# Data excerpts
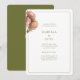 Modern and trendy with vintage feel. This lovely wedding invitation features a bouquet of voluptuous rose accents against chic white and olive green backgrounds. The set of contemporary fonts exude a stylish modern elegance. Personalise with wedding website and RSVP detail at the back.
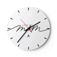 Ceas de perete - Ceas pe sticlă - Inscripția „Te iubesc, mamă” pe fundal alb, într-un stil elegant - 30x30cm - Mare emoție - Decorațiune modernă pentru perete pentru living, bucătărie și dormitor ARTTOR
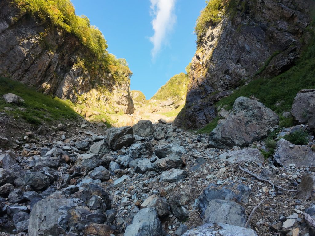 すぐに広めのゴルジュ地形になる。以前はこの辺りにも滝があったようだが、ガレキに埋まってしまったらしい。
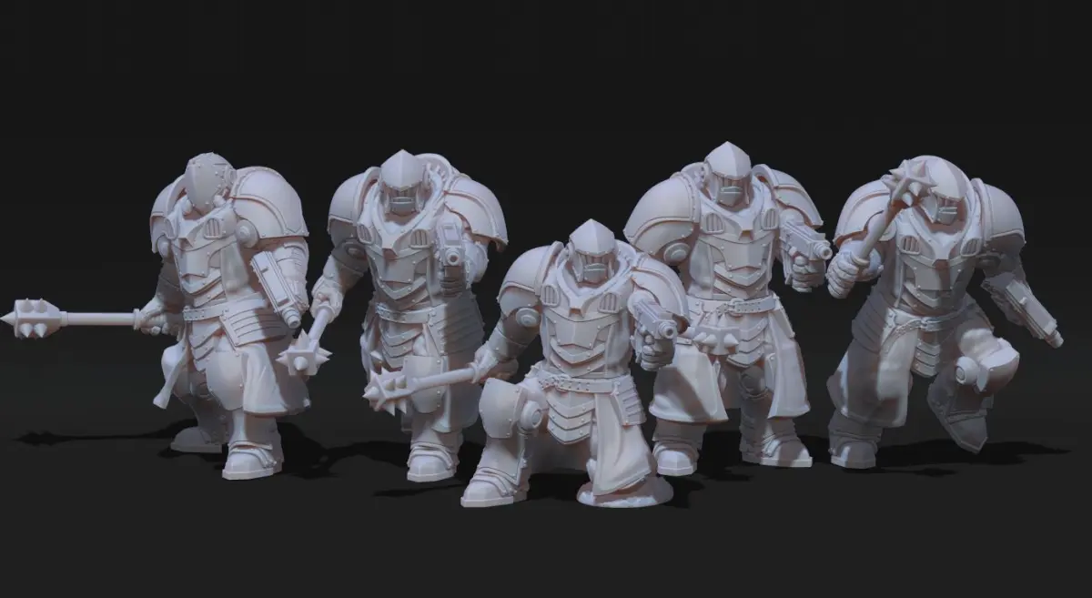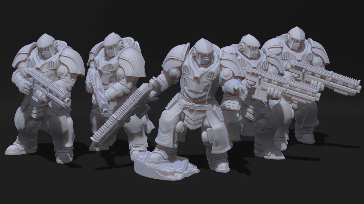 The Black Knights MK3 infantry kit contains files for fully modular miniatures . The kit comes with 10 leg poses, various melee and ranged arm options and alternate heads. Parts are also cross compatible with the Tempest Legion line of minatures, as well as previous Black Knights miniatures.
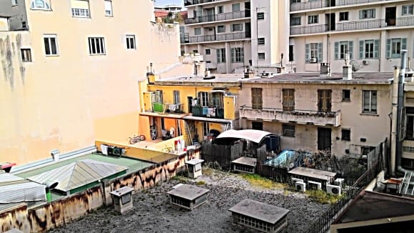 Blick aus dem Fenster: desolater Hinterhof
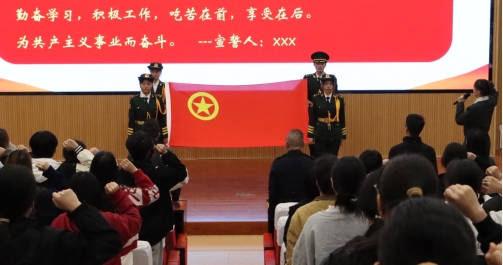 在入团宣誓环节,由优秀团员代表领誓,全体团员面向团旗,右手握拳,庄严宣誓。
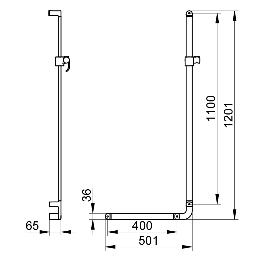 Subtle curvature embellishes the length of this stunning shower riser rail, which measures 501mm in width and 1201mm in height, contribute to the signature contours that lend this product and all others like it in the Elegance collection a timeless charm, befitting of any interior style. Curving perpendicularly at its base, the bar that comprises the riser rail seamlessly forms an integrated grab bar to provide you additional support when navigating your enclosure, or offering some purchase while sitting or standing from a shower seat.
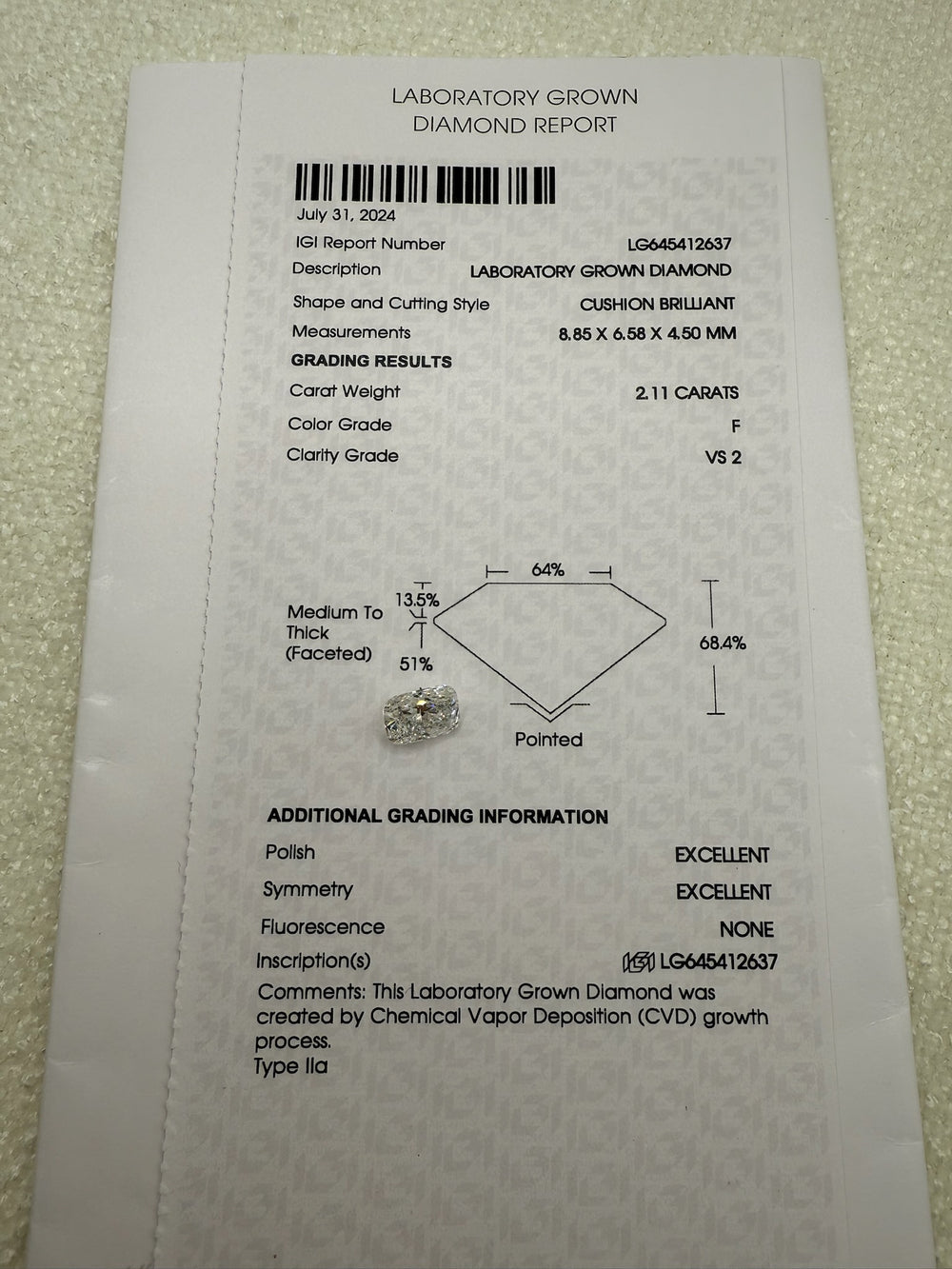 Discover the perfect centerpiece for your dream jewelry piece with this stunning 2.11 carat cushion brilliant lab grown diamond. A modern marvel of science and artistry, this diamond offers exceptional size, brilliance, and value without compromise. Its romantic, pillowy shape and dazzling fire make it an ideal choice for a show-stopping engagement ring or a bespoke heirloom.
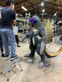 A campaign to raise money for both the construction of a replica Gigan suit and the production of a film involving it was posted to Japanese crowdfunding website Ubgoe on April 1, 2022. The campaign concluded that May 31, failing to reach its ¥15 million goal but nonetheless accruing ¥11,504,405 from 642 backers.[2] With the announcement of Godzilla Fest 2022 on September 20 of that year,[3] the film was revealed to be the third in a series of festival originals directed by Kazuhiro Nakagawa which began in 2020.
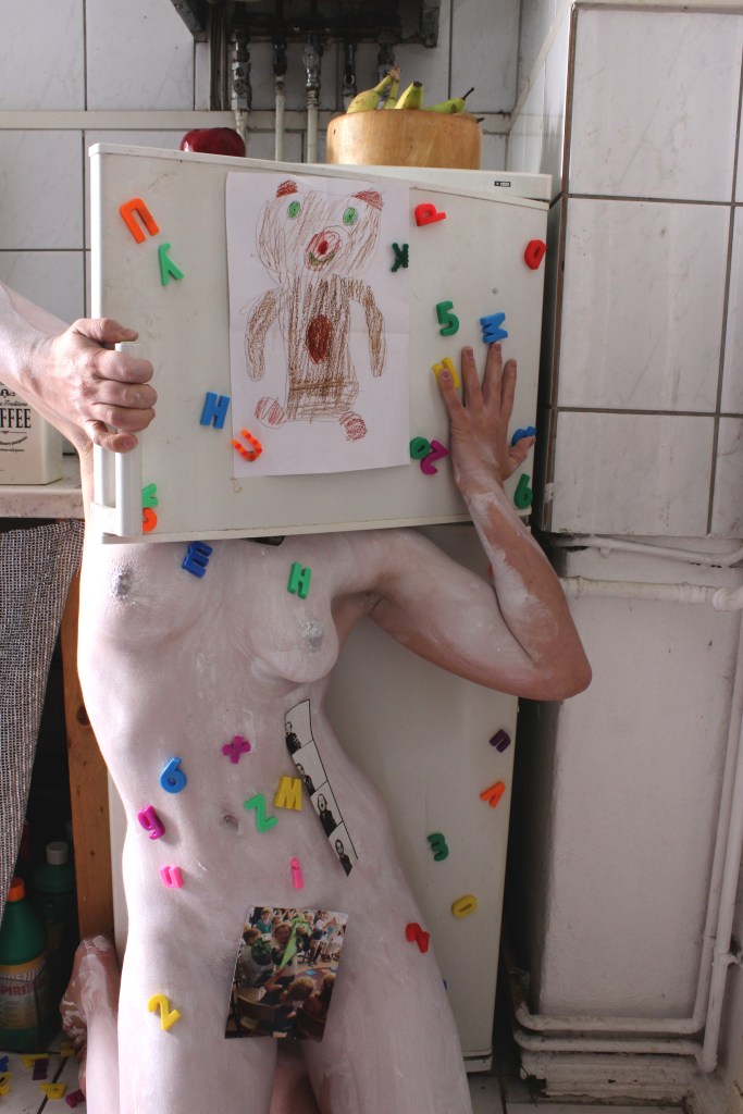 The series of self-portraits Camouflaged (M)other was created in the tension between feminist motherhood and artistic practice during the 2020 pandemic lockdown.

# Prompt
Would you set down only the lines above from the line with "Discover the perfect" to the line with "A campaign to", both included, exactly as they stand and without the pictures?

# Result of the exercise
 Discover the perfect centerpiece for your dream jewelry piece with this stunning 2.11 carat cushion brilliant lab grown diamond. A modern marvel of science and artistry, this diamond offers exceptional size, brilliance, and value without compromise. Its romantic, pillowy shape and dazzling fire make it an ideal choice for a show-stopping engagement ring or a bespoke heirloom.
 A campaign to raise money for both the construction of a replica Gigan suit and the production of a film involving it was posted to Japanese crowdfunding website Ubgoe on April 1, 2022. The campaign concluded that May 31, failing to reach its ¥15 million goal but nonetheless accruing ¥11,504,405 from 642 backers.[2] With the announcement of Godzilla Fest 2022 on September 20 of that year,[3] the film was revealed to be the third in a series of festival originals directed by Kazuhiro Nakagawa which began in 2020.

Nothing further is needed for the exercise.